Analysis Engines & Computational Logic

This manual provides the definitive technical standard for the computational logic and algorithms behind PlugZero Analytics. It details how we process raw data into actionable intelligence.

🏗️ 1. Architectural Pipeline

PlugZero operates a high-performance Python analytics pipeline. When an analysis is requested, the system follows a strict execution sequence.

Step 1: Data Ingestion & Unification

The backend function get_data_for_project (in plugzero_api/analysis/processors.py) orchestrates the loading of data.


# Location: plugzero_api/analysis/processors.py
def get_data_for_project(project_id, file_id=None):
    # If file_id is provided, only that specific file is loaded.
    # Otherwise, it merges all project's raw data files into a single DataFrame.

Step 2: Sanitization & JSON Compliance

Before any math is run, data is scrubbed using fuzzy matching to handle header typos. Numerical data is passed through a safe_float filter to prevent frontend rendering crashes due to NaN or Inf values.

📊 2. Statistical & Dimensional Engines

These deterministic engines rely on the Pandas library for high-speed calculation.

A. Basic Stats (`calculate_basic_stats`)

Analyzes a variable to determine its type and computes relevant metrics.

Numeric: Mean, Median, Mode, Count, and Standard Deviation.
Categorical: Frequency Count and Mode.

B. Segment Aggregation (`calculate_aggregation`)

Executes a groupby operation on a categorical dimension. Supports sum, mean, max, and min. Results are automatically sorted descending for optimal visualization.

C. Cross-Tabulation (`calculate_cross_tab`)

Calculates the mathematical frequency intersection of two categorical variables using pd.crosstab.
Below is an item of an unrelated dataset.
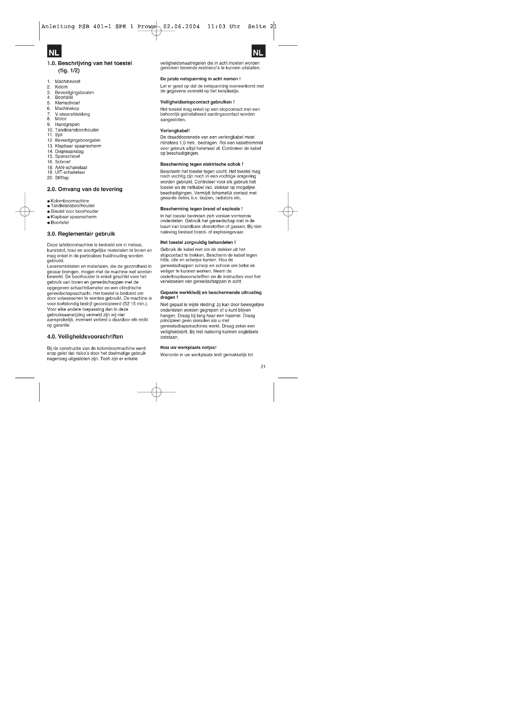 moerplaatjes. Boortafel (4) met boortafelhouder de kolom (2) op schuiven (fig. 4). Zet de boortafel in de gewenste stand vast m.b.v. de klemschroef (5). Boorkop (6) met v-snaarafdekking (7) en motor (8) op de boorkolom plaatsen en bevestigen d.m.v. de inbusschroeven (13). Drie hendels (9) aan het aanzethandkruis schroeven. Aanwijzing: Als bescherming tegen corrosie zijn alle blanke onderdelen ingevet. Vóór u de boorhouder (10) op de spil (11) plaatst moet u de beide onderdelen helemaal van vet ontdoen m.b.v. een milieuvriendelijk oplosmiddel opdat een optimale krachtoverbrenging verzekerd is. Boorhouder op de spil plaatsen. 6.2. Opstellen van de machine Vóór de inbedrijfstelling moet de boormachine vast en met haar hele oppervlak rustend op de werkplaat van een vast staande werkbank worden gemonteerd. Gebruik daarvoor de beide montageboorgaten (12) in de onderplaat. Let erop dat de machine voor het bedrijf en voor afstel- en onderhoudswerkzaamheden vrij toegankelijk is. Aanwijzing : De bevestigingsschroeven mogen enkel hard worden aangehaald zodat de grondplaat niet krom wordt getrokken of zich vervormd. Bij bovenmatige belasting bestaat breukgevaar. 6.3. Klapbaar spaanscherm (fig. 4) De drie kruiskopschroeven (21) uitdraaien. Transparante afdekking (23) de gleuf van het rode montageraam (24) in schuiven en opnieuw fixeren d.m.v. de kruiskopschroeven (21). De hoogte van de afdekking (23) is traploos afstelbaar en wordt gefixeerd m.b.v. de beide vleugelschroeven (22). Om van boor te verwisselen kan het spaanscherm (13) omhoog worden geklapt. Vóór het aanzetten van de machine moet het spaanscherm (13) echter terug in zijn uitgangspositie worden gebracht. 6.4. Vóór de inbedrijfstelling in acht nemen Let er wel op dat de netspanning overeenkomt met de gegevens vermeld op het kenplaatje. Sluit de machine enkel aan op een stopcontact met een behoorlijk geïnstalleerd aardingscontact. De tafelboormachine is voorzien van een nulspanningsuitschakelinrichting die de bediener beschermt tegen onbedoelde herstart van de machine na een wegvallen van de spanning. In dit geval moet de machine opnieuw worden aangezet. 7.0. Bedrijf Draag bij het werken met de tafelboormachine een gepaste nauwsluitende beschermende kleding. Draag altijd een veiligheidsbril! Draag bij lang haar altijd een haarnet (of een pet)!

Optimized for Heatmap rendering.

D. Hierarchical Drill-Downs (`calculate_drill_down`)

Recursively applies filters to a dataset to allow users to “click through” from high-level categories to raw data points. (Limited to 50 results for UI speed).

🔬 3. Machine Learning Engines (Advanced)

PlugZero implements Scikit-Learn models for multi-dimensional intelligence.

Engine	Algorithm	Primary Responsibility
Outlier Detection	`IsolationForest`	Detects multi-dimensional anomalies with a 5% default contamination.
Sentiment Analysis	`TextBlob` (NLP)	Assigns Polarity scores (-1.0 to 1.0) and classifies as Positive/Negative/Neutral.
Topic Clustering	`KMeans`	Uses `TfidfVectorizer` to find the top 3 semantic clusters in unstructured text.
Key Driver Analysis	`RandomForest`	Determines feature importance relative to a “Target Variable” (e.g., NPS or Sales).

🧠 4. Generative AI & Synthesis

Generative AI Integration (Gemini)

Model: gemini-2.0-flash.
Grounding: Computational results from the engines above are serialized into the LLM context window. This ensures AI “insights” are grounded in deterministic data, not hallucinations.
System Role: Configured as “PlugZero Intelligence Agent,” an expert researcher.

Executive Synthesis

SWOT Analysis: Synthesizes a 4-quadrant matrix by analyzing numeric metrics and sentiment clusters.
Project Scorecard: A cross-module aggregator that computes the PlugZero Health Score:
Formula: (File Count * 5) + (Responses * 0.2) + ((Sentiment + 1) * 25) + (Rank Improvement * 0.5)

📄 5. Automated Reporting

PowerPoint Engine

Located in reporting.py, this engine translates Analysis Results into interactive .pptx slides using python-pptx.

TITLE: Automatic project branding.
CONTENT: Injects charts and tables derived from the Pandas pipeline.
STATS: Auto-injects data from the Scorecard aggregator.

Technical Constraint: All background calculations are managed via Celery. If a calculation takes more than 10 seconds, the engine returns a task_id so the frontend can poll for completion.